▶ PROMPT
The answer must consist solely of the lines from the one containing "Thậm chí để" through the last line of the records, set down exactly and without any pictures.

▶ MATERIAL FOR THIS TASK
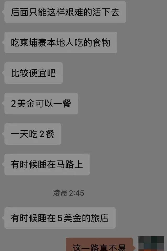 我不记得我吃了多少次2美金的柬餐,我也不记得我住了多少天5美金的宾馆,更不记得自己睡了金边多少条大街,只知道我时刻都不忘初心,我即便是最困难的时候,即便是饿的两眼发直头脑昏沉的时候,我也没有想过要进入园区,根本没有想过去做诈骗赚钱,因为我知道,那是一条不归路,一旦走上了,就不能回头了,所以我的底线就是这样,哪怕是饿死,也坚决不敢违法乱纪的事情,不管吃多少苦受多少罪,我心里都有一个信念,那就是我从小父母就教育我的那番话,人间正道是沧桑,千万不要做违法乱纪的事情,那样不仅仅是自己丢人,全家人蒙羞,就连后代都跟着遭殃。
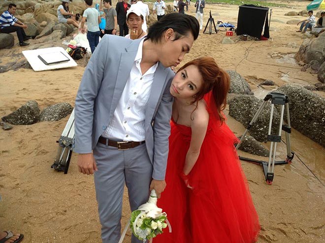 Thậm chí để không làm mất thời gian của đoàn phim, có không ít cảnh anh lấy hết can đảm để... hôn đại đàn chị. Chuyển sang cảnh cặp đôi giận nhau, Quốc Trường tiếp tục gặp khó khăn trong cách thể hiện cảm xúc.
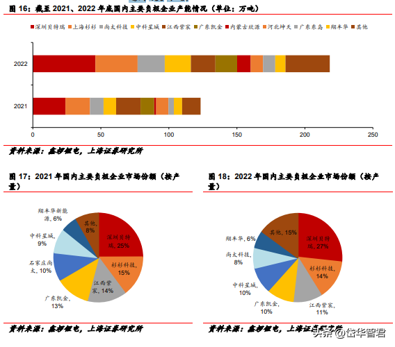 负极材料行业产能扩张速度快,竞争趋于激烈。根据鑫椤锂电数据,截至 2022 年底,国内主要负极企业产能达 218.3 万吨,同比+77%,行业供过于求下,竞争趋于激烈。
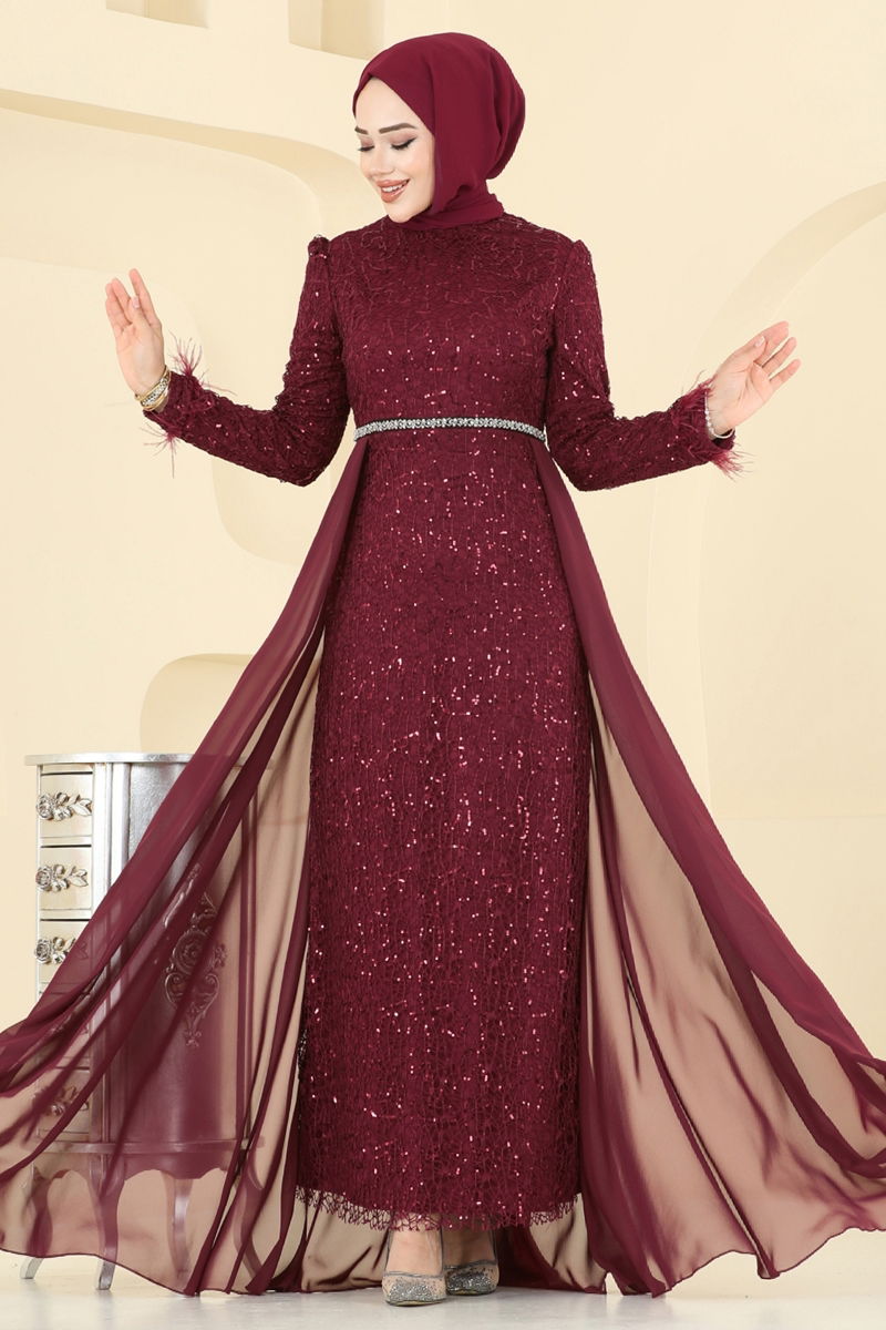 فستان سهرة خمري 2830ELC1143-MS
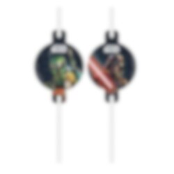 4 papieren rietjes met mooie afbeeldingen van Star Wars. De rietjes zijn ca. 21 cm lang en de afbeeldingen hebben een diameter van ca. 6,5 cm.
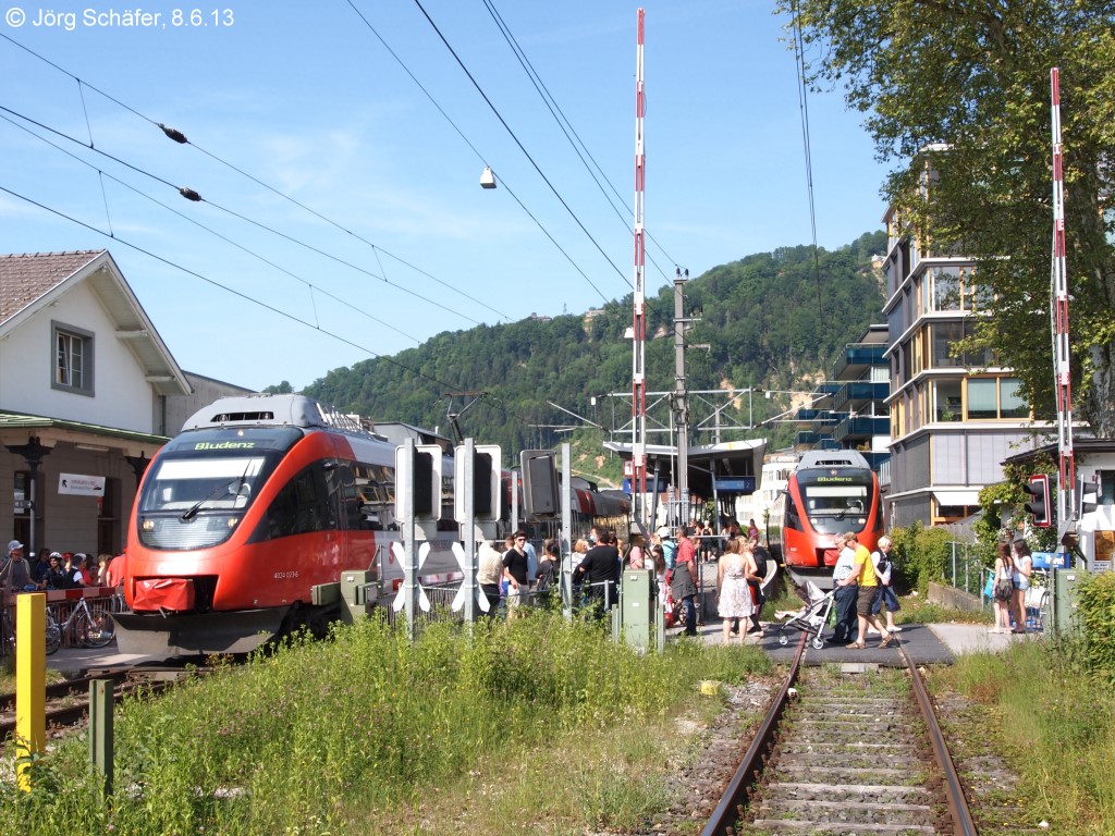 Die RABe 511 022 von Sargans nach Chur am 12.06.2013 bei Sevelen
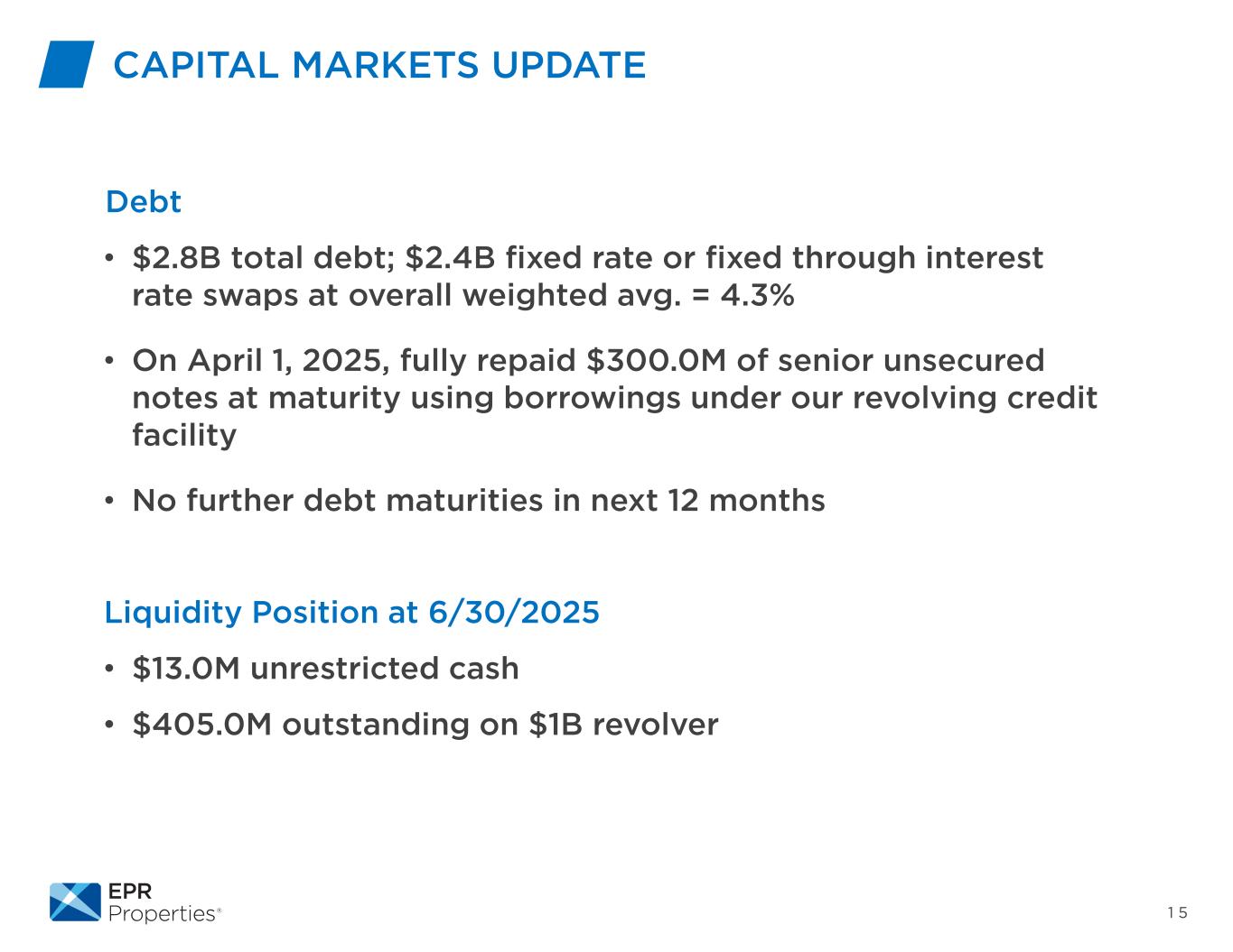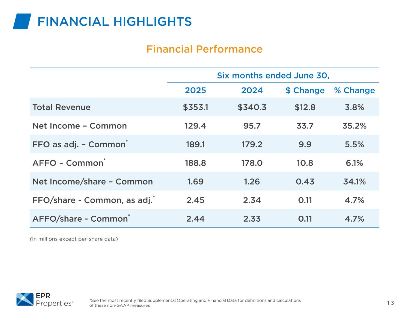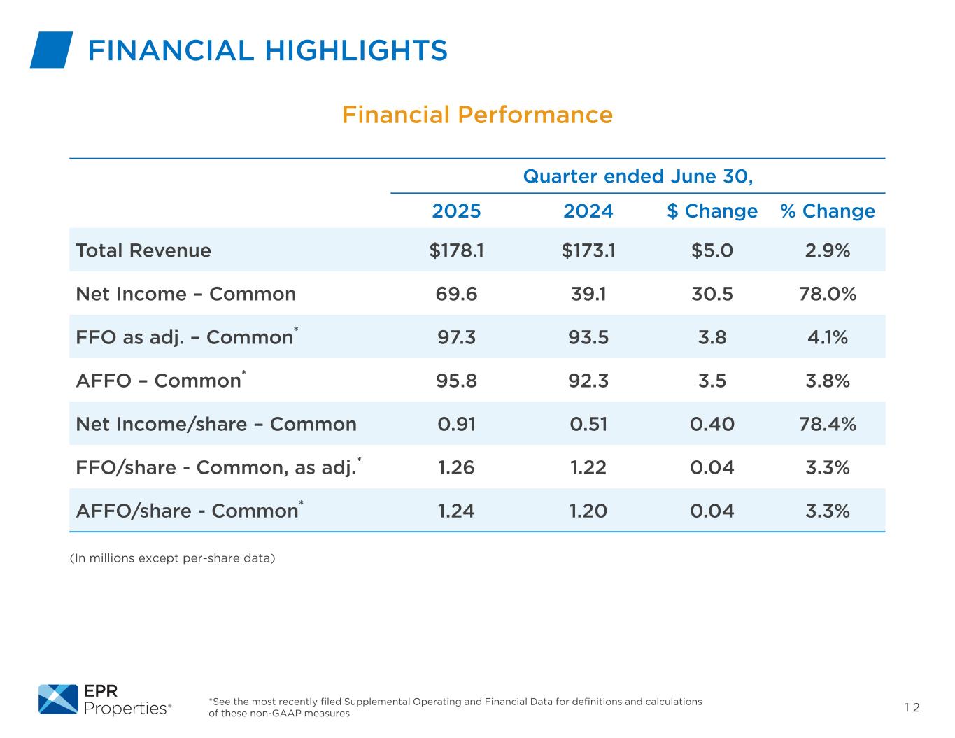 ミズーリ州カンザスシティ、2025年7月30日--EPRプロパティーズ(NYSE:EPR)は本日、2025年6月30日に終了した第2四半期の営業成績を発表した(単位:千ドル、1株当たりデータを除く):

▶ RESULT FOR THIS TASK
 Thậm chí để không làm mất thời gian của đoàn phim, có không ít cảnh anh lấy hết can đảm để... hôn đại đàn chị. Chuyển sang cảnh cặp đôi giận nhau, Quốc Trường tiếp tục gặp khó khăn trong cách thể hiện cảm xúc.
 负极材料行业产能扩张速度快,竞争趋于激烈。根据鑫椤锂电数据,截至 2022 年底,国内主要负极企业产能达 218.3 万吨,同比+77%,行业供过于求下,竞争趋于激烈。
 فستان سهرة خمري 2830ELC1143-MS
 4 papieren rietjes met mooie afbeeldingen van Star Wars. De rietjes zijn ca. 21 cm lang en de afbeeldingen hebben een diameter van ca. 6,5 cm.
 Die RABe 511 022 von Sargans nach Chur am 12.06.2013 bei Sevelen
 ミズーリ州カンザスシティ、2025年7月30日--EPRプロパティーズ(NYSE:EPR)は本日、2025年6月30日に終了した第2四半期の営業成績を発表した(単位:千ドル、1株当たりデータを除く):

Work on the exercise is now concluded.